Once acclaimed - and then ostracized - by the fashion industry, Diane von Furstenberg rolls out her '04 designs to a market clamoring for them once again

By Anne Bratskeir - New York Newsday.

February 5, 2004

It's just a few weeks before she will present her Fall '04 collection, and Diane von Furstenberg, casual in black exercise pants and a black sweater with winged heart emblem, is hammering out details with Nathan Jenden, 32, her creative director, at her bustling West 12th Street headquarters.

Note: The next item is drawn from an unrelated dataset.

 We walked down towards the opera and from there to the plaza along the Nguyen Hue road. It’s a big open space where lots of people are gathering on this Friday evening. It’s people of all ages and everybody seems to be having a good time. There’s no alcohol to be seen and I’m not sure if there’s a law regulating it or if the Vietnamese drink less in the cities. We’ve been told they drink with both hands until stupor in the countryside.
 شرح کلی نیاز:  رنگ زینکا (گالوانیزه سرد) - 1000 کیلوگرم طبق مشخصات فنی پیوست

It's an energized, joyously chaotic, unself-conscious space; '70s Andy Warhol portraits of the designer in her (first) heyday hang on a fuchsia wall, bulletin boards are crammed with invitations to charity galas and knighting ceremonies, an antique desk is flanked, floor to ceiling, with photo montages of her children, grandchildren, friends, lovers, husband(s). Von Furstenberg and Jenden, a scruffily handsome Brit who formerly designed for downtowner label Daryl K., are mulling over just-arrived perforated pony-hair boots designed for the show by luxe shoeman Christian Louboutin. Von Furstenberg, 57, plops to the floor, pulls a red one over her slim calf and admires it.
 
She and her collection are one of the hot tickets of Fashion Week (which runs tomorrow through Feb. 13), and will headline top catwalkers and likely boast a star-studded front row. Her 60-ensemble line - dubbed the "Glamazone" collection, von Furstenberg says - incorporates femininity, strength, preparedness and beauty, and was inspired by strong, iconic women such as Eleanor of Aquitane and Grace Jones.

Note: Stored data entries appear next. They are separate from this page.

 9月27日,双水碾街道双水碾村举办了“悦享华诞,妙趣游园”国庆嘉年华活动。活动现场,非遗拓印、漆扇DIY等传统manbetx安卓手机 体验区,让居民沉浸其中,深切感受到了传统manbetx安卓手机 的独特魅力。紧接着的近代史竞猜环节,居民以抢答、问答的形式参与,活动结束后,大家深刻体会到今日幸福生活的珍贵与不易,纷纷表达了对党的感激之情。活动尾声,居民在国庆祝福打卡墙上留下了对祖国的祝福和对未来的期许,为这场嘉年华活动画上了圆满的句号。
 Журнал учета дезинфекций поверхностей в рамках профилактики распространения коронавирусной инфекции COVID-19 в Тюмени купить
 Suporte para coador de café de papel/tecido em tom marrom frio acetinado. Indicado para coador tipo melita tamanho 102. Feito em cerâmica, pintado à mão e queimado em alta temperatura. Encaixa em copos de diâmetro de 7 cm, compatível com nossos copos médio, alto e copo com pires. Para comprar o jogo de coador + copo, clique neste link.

And by Diane von Furstenberg, too?

The designer shakes off the question. But Jenden is definitive. "Diane," he says, "is the original glamazon."

After all, in the 30-odd years since she burst onto the fashion stage with her iconic wrap dress, von Furstenberg has been glamorized and deified, ostracized and shunned. It's only in the last seven years that her name has slowly begun to reregister on the fashion Richter scale, and today - right now - she has once again relaunched herself as a force in the industry.
 

Her personal life, too, has been a crazy-quilt of high-profile, passionate relationships, passionate breakups and passionate reunions. A daughter of a Holocaust survivor and herself a survivor of cancer, she has emerged from it all - boom, bust and now boom again - with her striking looks, her business and her family intact.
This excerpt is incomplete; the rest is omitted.